Top of STORED DATA
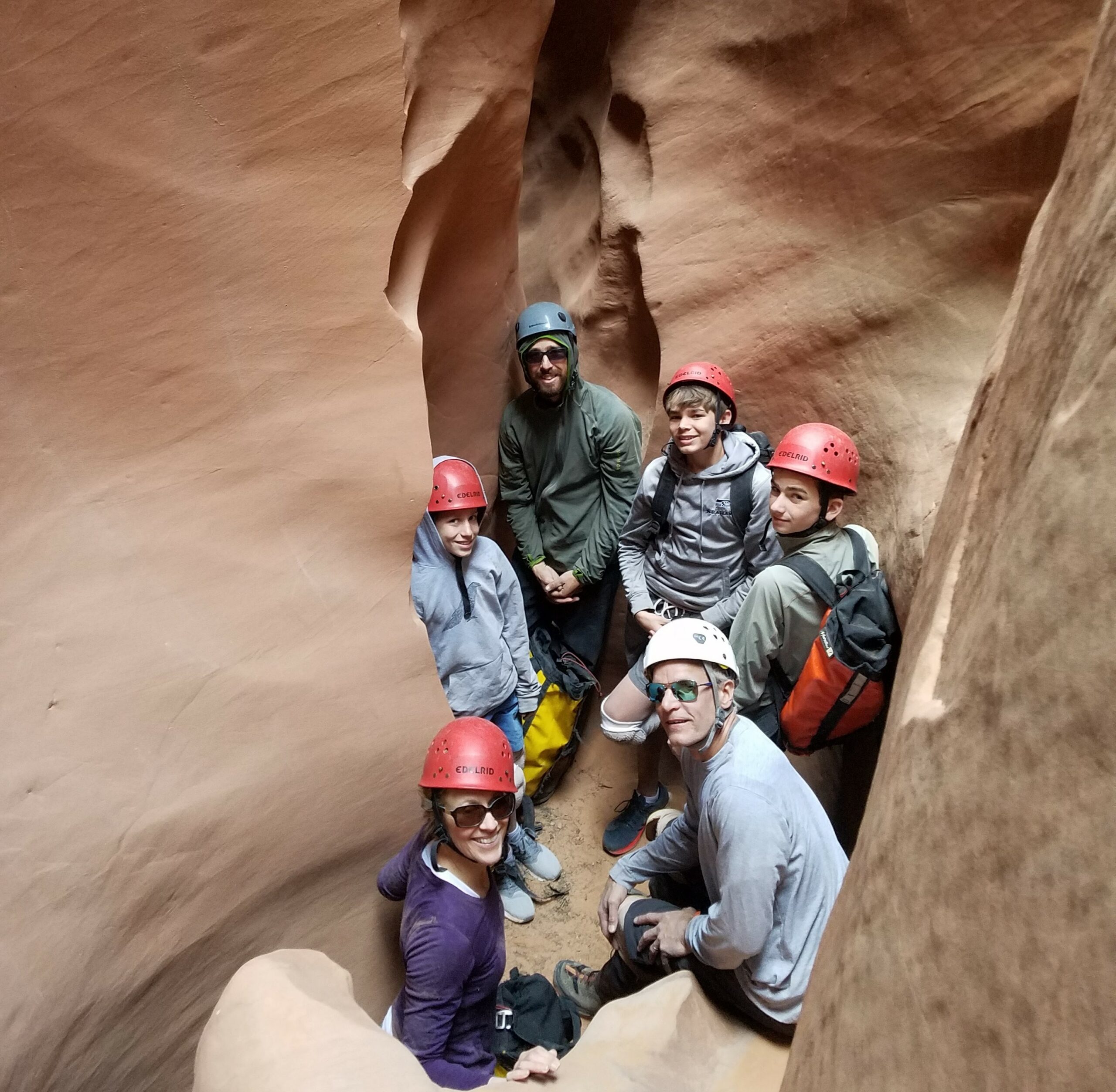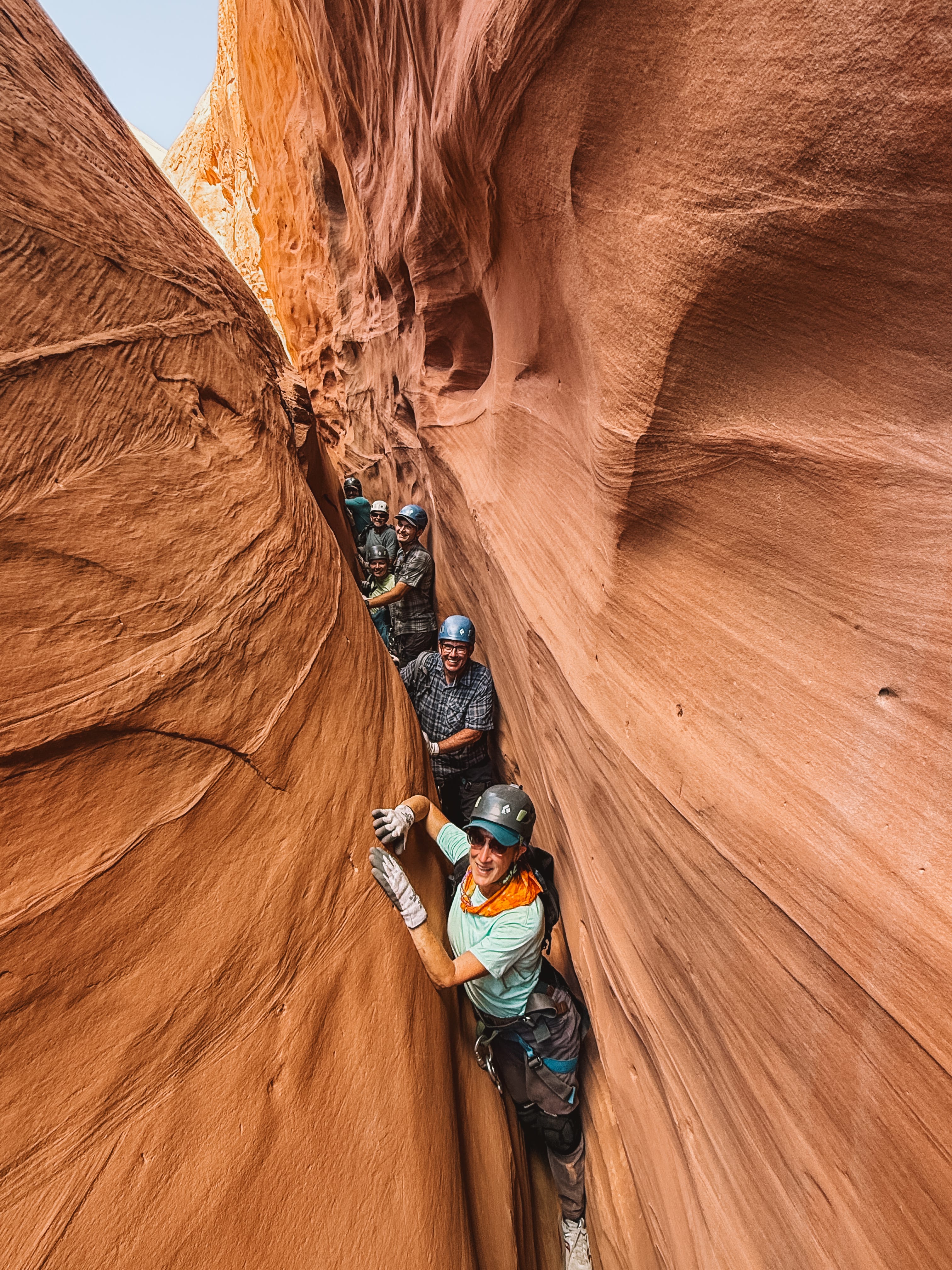 In no time, you’ll be headed into the canyon of your choice to explore the slots that you just saw from the air. You’ll be rappelling, sliding on your butt, helping your partners, and learning many new techniques that will allow us to safely navigate this ever-narrowing terrain. These canyons are tons of fun and you’ll find yourself doing things you never imagined were possible! Once the canyon allows the space, we’ll enjoy a relaxing and well deserved lunch and eventually find our way back to the vehicle.
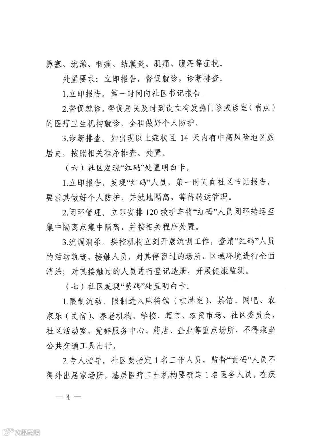 (六)社区发现“红码”处置明白卡。
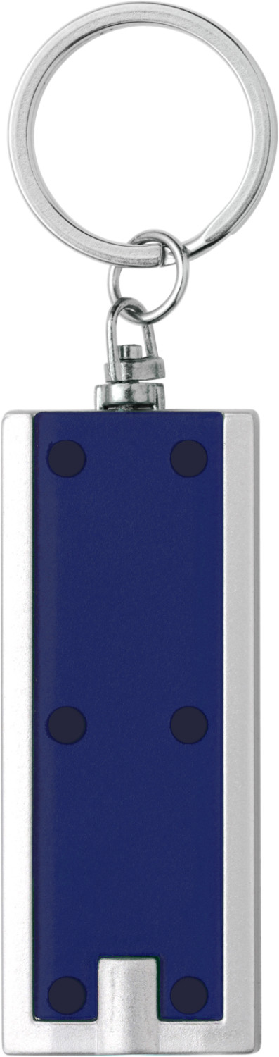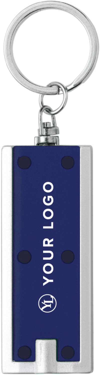 Schlüsselanhänger aus Kunststoff, mit LED-Lampe (weiß) und Metall-Schlüsselring.
Bottom of STORED DATA
Reproduce the whole listing verbatim. Pictures stay out of the copy.

 In no time, you’ll be headed into the canyon of your choice to explore the slots that you just saw from the air. You’ll be rappelling, sliding on your butt, helping your partners, and learning many new techniques that will allow us to safely navigate this ever-narrowing terrain. These canyons are tons of fun and you’ll find yourself doing things you never imagined were possible! Once the canyon allows the space, we’ll enjoy a relaxing and well deserved lunch and eventually find our way back to the vehicle.
 (六)社区发现“红码”处置明白卡。
 Schlüsselanhänger aus Kunststoff, mit LED-Lampe (weiß) und Metall-Schlüsselring.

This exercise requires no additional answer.